■ TASK GOAL
From the entries below, return exactly the lines beginning at the one that contains "Vous venez de" and ending at the one that contains "Mit dem Anstieg", both of them included, and only those lines.

■ INPUT FOR THIS TASK
---
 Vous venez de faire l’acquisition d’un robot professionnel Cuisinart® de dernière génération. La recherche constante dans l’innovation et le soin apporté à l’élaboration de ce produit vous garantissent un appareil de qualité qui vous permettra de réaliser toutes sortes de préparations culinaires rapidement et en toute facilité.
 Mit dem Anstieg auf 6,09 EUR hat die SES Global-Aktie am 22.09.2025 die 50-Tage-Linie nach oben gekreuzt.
---
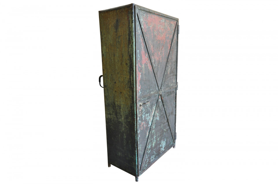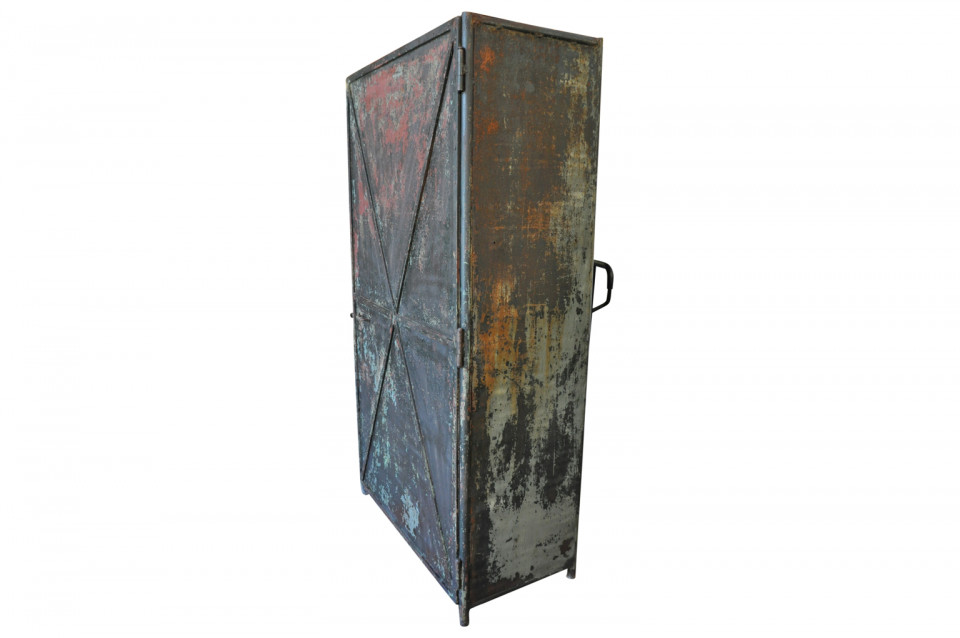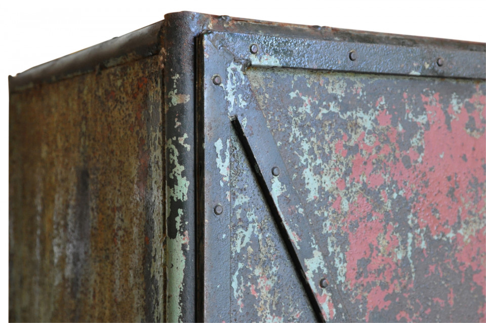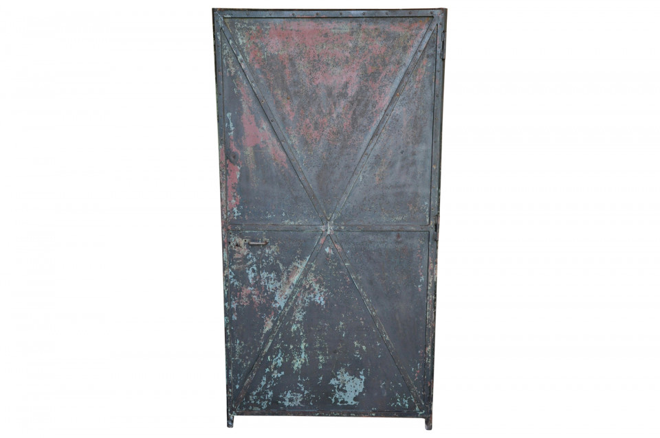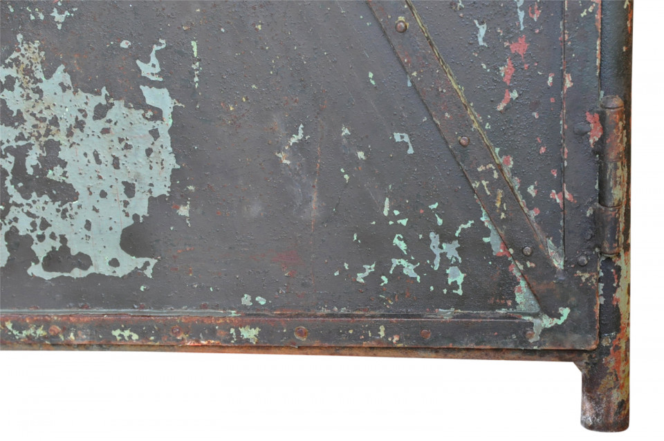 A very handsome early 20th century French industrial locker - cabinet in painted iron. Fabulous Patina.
---
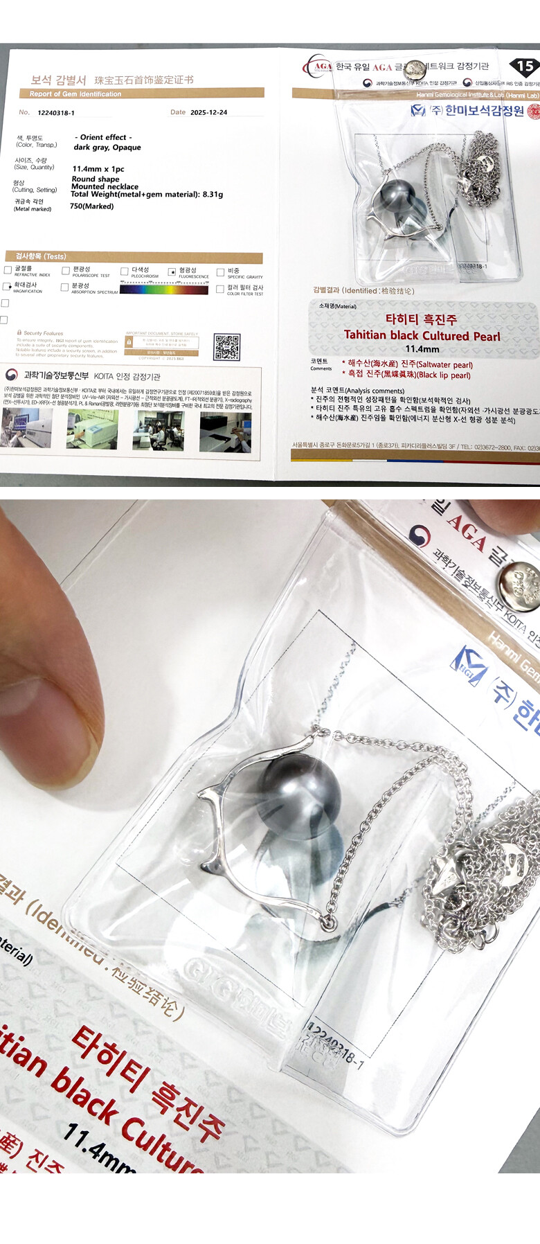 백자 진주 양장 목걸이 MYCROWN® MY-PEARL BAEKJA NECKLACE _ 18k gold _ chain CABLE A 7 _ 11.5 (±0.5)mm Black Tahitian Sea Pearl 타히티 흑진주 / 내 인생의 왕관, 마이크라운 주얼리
---
■ TASK RESULT
 Vous venez de faire l’acquisition d’un robot professionnel Cuisinart® de dernière génération. La recherche constante dans l’innovation et le soin apporté à l’élaboration de ce produit vous garantissent un appareil de qualité qui vous permettra de réaliser toutes sortes de préparations culinaires rapidement et en toute facilité.
 Mit dem Anstieg auf 6,09 EUR hat die SES Global-Aktie am 22.09.2025 die 50-Tage-Linie nach oben gekreuzt.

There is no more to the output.